Bill was looking for a new dog, after his previous working dog died.
“I had about 500 poll dorset ewes ready to lamb, so I needed a dog.”
He heard the Jerilderie working dog show was on, but he missed it by a day.
So Bill contacted the organisers to see if there were any promising young dogs that didn’t sell.
They referred him to one dog, who had apparently had stage fright and didn’t perform too well, but they figured he might be worth a try.
Bill took a punt and drove to St Arnaud, where breeder John Flanagan introduced him to Rip. This time, Rip went well through his paces and something impressed Bill about the big Kelpie.
“I wasn’t quite sure if the dog was well-trained or the sheep were!” Bill recalls with a laugh..
“I bought him back, and he’s my mate now”
Bill Sammon's dog, Rip goes into action at Chapel Hill, Bungeet.
“He paws me when he wants me, and he talks to me.

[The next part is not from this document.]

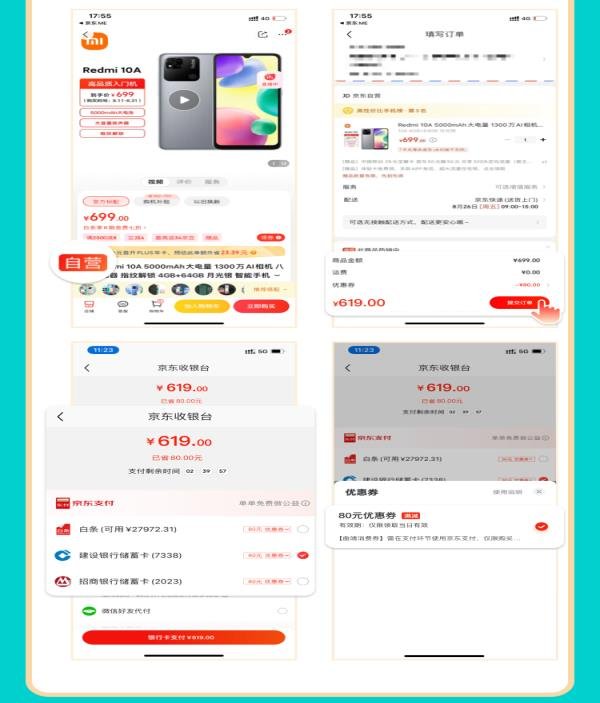 京东APP内使用:用户在京东APP内购买京东指定实物类商品及京东小时购指定实物类商品时,在支付环节选择京东支付作为支付方式(使用京东支付需要用户完成实名认证),并点击相应支付工具后的红色优惠券标签,选择要使用的消费券进行支付,即可完成抵扣。

He demonstrates his intelligence in a number of ways.
“When my son calls him to tie him up; Rip runs to me and sits next to me. He knows I’m the boss.
Bill is full of praise for his mate.
“He’s turned out really well.”
While some dogs insist on always getting ahead of the sheep and pushing them back to their handler, Rip seems to understand that sometimes he needs to work in reverse. And on the Majella properties, dispersed around the Bungeet hills, Rip can direct the flock along the roads.
And when the sheep try to run off into the hillside boulders to hide, Rip can ferret them out.
The only fault Bill can name is that the big black and tan kelpie is a one-man dog.
“He doesn’t want to work for another man.”
Bill has sold the Majella stud to a neighbour as he is looking to ease back on work, and he whimsically reflects on how life has turned out for the two; Rip starting out his working job, and Bill winding down his flock.
But of course, Bill hints, he won't be giving up his interest in sheep completely: he plans to keep a hundred or so on his property, so Rip will have plenty to do.
“I couldn’t part with him,” Bill said.
Rip can find the sheep, even when they try to hide among the hillsie boulders.
Bill Sammon's dog, Rip, is a good mate to his boss.